● **Data listing**
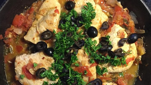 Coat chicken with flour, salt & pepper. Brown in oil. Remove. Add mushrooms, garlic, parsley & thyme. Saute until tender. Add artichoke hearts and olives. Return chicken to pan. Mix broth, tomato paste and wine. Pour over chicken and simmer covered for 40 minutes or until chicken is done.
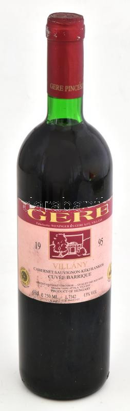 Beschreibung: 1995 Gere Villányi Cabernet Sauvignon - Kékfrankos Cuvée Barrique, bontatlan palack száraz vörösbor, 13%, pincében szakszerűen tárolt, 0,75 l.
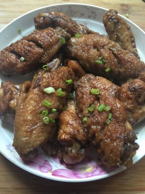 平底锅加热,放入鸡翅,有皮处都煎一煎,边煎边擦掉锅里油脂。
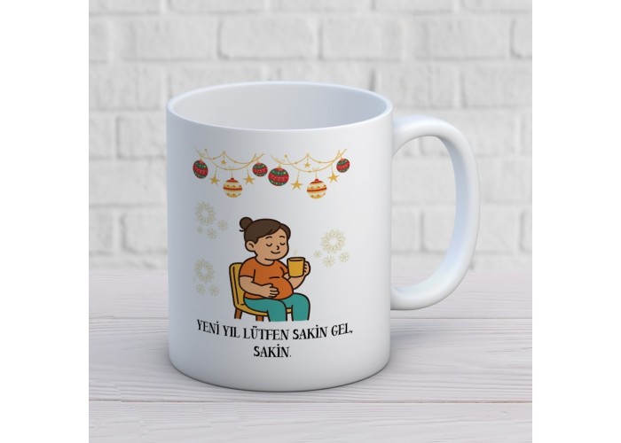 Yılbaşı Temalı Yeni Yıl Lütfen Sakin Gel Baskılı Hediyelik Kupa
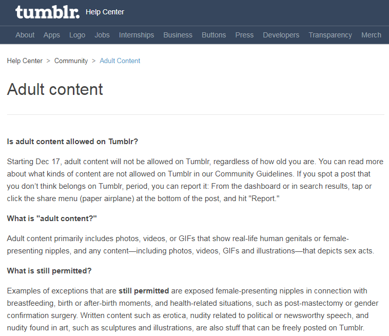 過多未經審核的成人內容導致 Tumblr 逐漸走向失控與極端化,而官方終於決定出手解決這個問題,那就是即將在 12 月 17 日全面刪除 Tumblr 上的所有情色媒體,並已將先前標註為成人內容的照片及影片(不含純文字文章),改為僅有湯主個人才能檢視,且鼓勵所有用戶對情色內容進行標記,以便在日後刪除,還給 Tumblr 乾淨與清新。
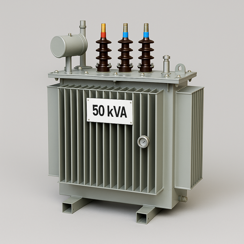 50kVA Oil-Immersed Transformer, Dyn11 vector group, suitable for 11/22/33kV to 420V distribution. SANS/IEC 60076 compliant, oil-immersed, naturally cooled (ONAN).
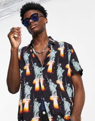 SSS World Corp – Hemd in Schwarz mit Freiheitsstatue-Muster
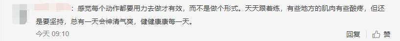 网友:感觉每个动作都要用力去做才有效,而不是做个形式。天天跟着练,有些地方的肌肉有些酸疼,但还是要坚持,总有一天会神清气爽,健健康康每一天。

--

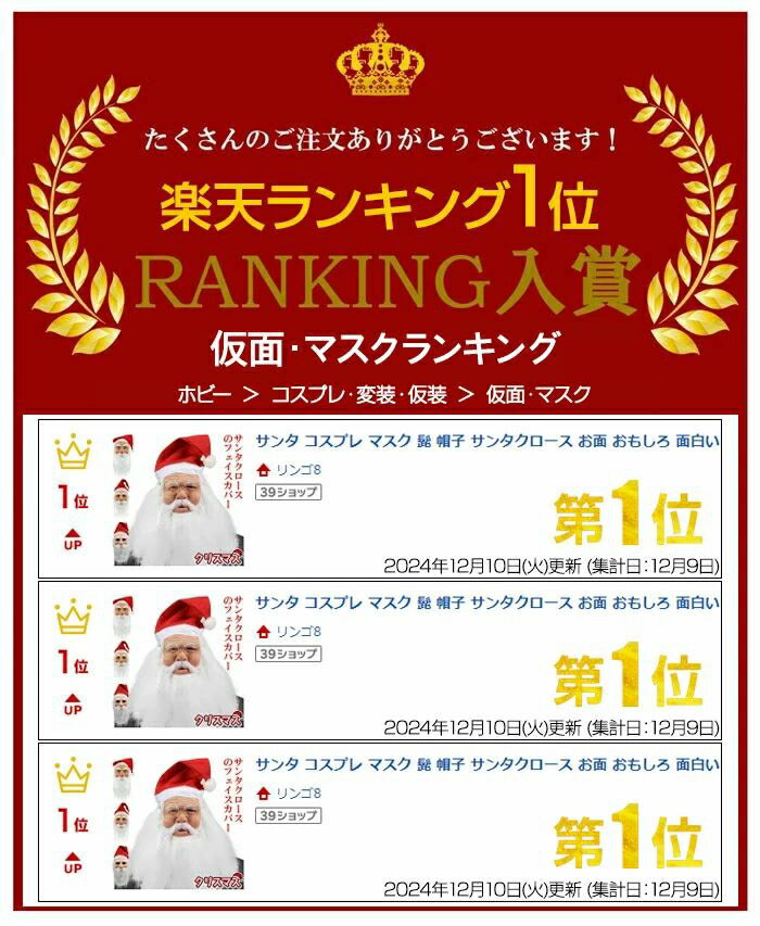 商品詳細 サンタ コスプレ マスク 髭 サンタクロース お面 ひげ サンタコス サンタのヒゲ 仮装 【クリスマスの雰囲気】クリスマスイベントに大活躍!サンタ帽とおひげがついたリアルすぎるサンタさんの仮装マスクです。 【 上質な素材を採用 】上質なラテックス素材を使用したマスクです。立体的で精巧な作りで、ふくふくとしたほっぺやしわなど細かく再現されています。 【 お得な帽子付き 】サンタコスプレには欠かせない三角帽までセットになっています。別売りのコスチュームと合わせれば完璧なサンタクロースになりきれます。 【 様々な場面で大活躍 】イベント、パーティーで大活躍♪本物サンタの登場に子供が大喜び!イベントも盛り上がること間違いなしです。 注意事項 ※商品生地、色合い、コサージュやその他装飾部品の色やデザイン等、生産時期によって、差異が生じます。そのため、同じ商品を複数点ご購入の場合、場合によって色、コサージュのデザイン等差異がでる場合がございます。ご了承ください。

● **The task**
Above are records; repeat only the lines from the line with "SSS World Corp" through the line with "网友:感觉每个动作都要用力去", and leave pictures out.

● **Response**
 SSS World Corp – Hemd in Schwarz mit Freiheitsstatue-Muster
 网友:感觉每个动作都要用力去做才有效,而不是做个形式。天天跟着练,有些地方的肌肉有些酸疼,但还是要坚持,总有一天会神清气爽,健健康康每一天。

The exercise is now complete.